Rogue AV peddler behind LizaMoon SQL injection attack?

Stephen Withers
Thursday, 31 March 2011 16:19

Business IT - Security

A new SQL injection attack has compromised tens of thousands of URLs according to a security vendor. The attack was initially used to push rogue AV malware.

Websense Security Labs officials say they have discovered a new SQL injection attack that has compromised more than 28,000 URLs, including some on iTunes. At the time of writing the number appeared to have increased to more than 80,000, though a (presumably small) proportion of those would be pages describing the attack itself rather than compromised pages.

The attack has been dubbed LizaMoon because it uses a script hosted at lizamoon.com, a domain recently registered with fake contact information.

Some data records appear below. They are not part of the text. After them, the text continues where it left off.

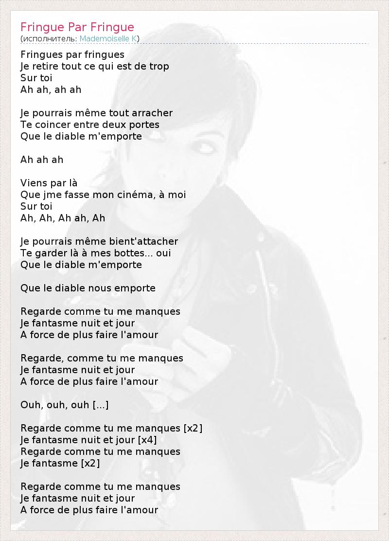 А как ты думаешь, о чем песня "Fringue Par Fringue" ?
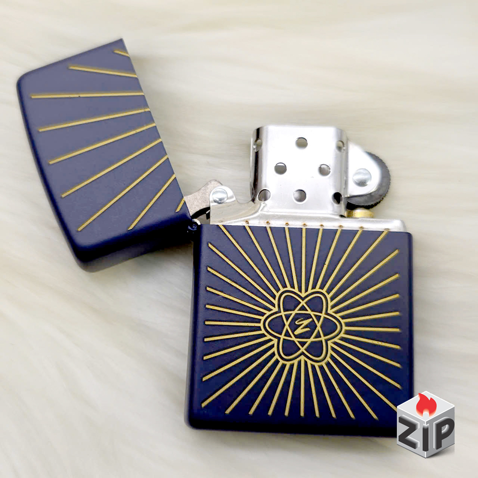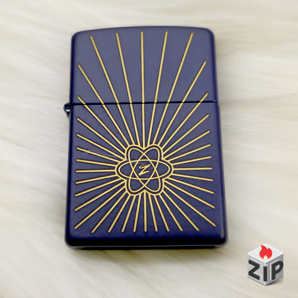 - Kiểu dáng: Zippo tiêu chuẩn, vỏ được sơn tĩnh điện màu xanh dương đậm (Matte Blue/Navy), tạo nền tảng trang trọng và cổ điển.
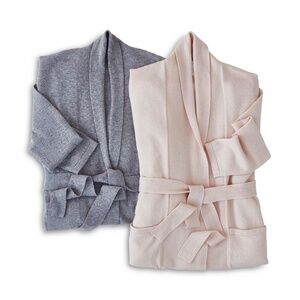 “Plush, long robe envelopes you in warmth and comfort thanks to its sumptuous cashmere and wool blend.” Shawl collar, patch pockets at front sides, self-tie belt

WebSense officials suggested the iTunes URLs were affected by attacking podcast publishers' RSS feeds, and noted that the way Apple encodes script tags prevents the scripts from running on the target computer.

In situations where it did run, the script redirected to "a well-known rogue AV site," they said.

Both the site hosting the script and the rogue Av site are now said to be unreachable.

SQL injection attacks rely on poor coding practices that allow commands to be executed by including them in strings such as search parameters. There have been suggestions that some of the affected sites were using third-party routines that were vulnerable to the attack.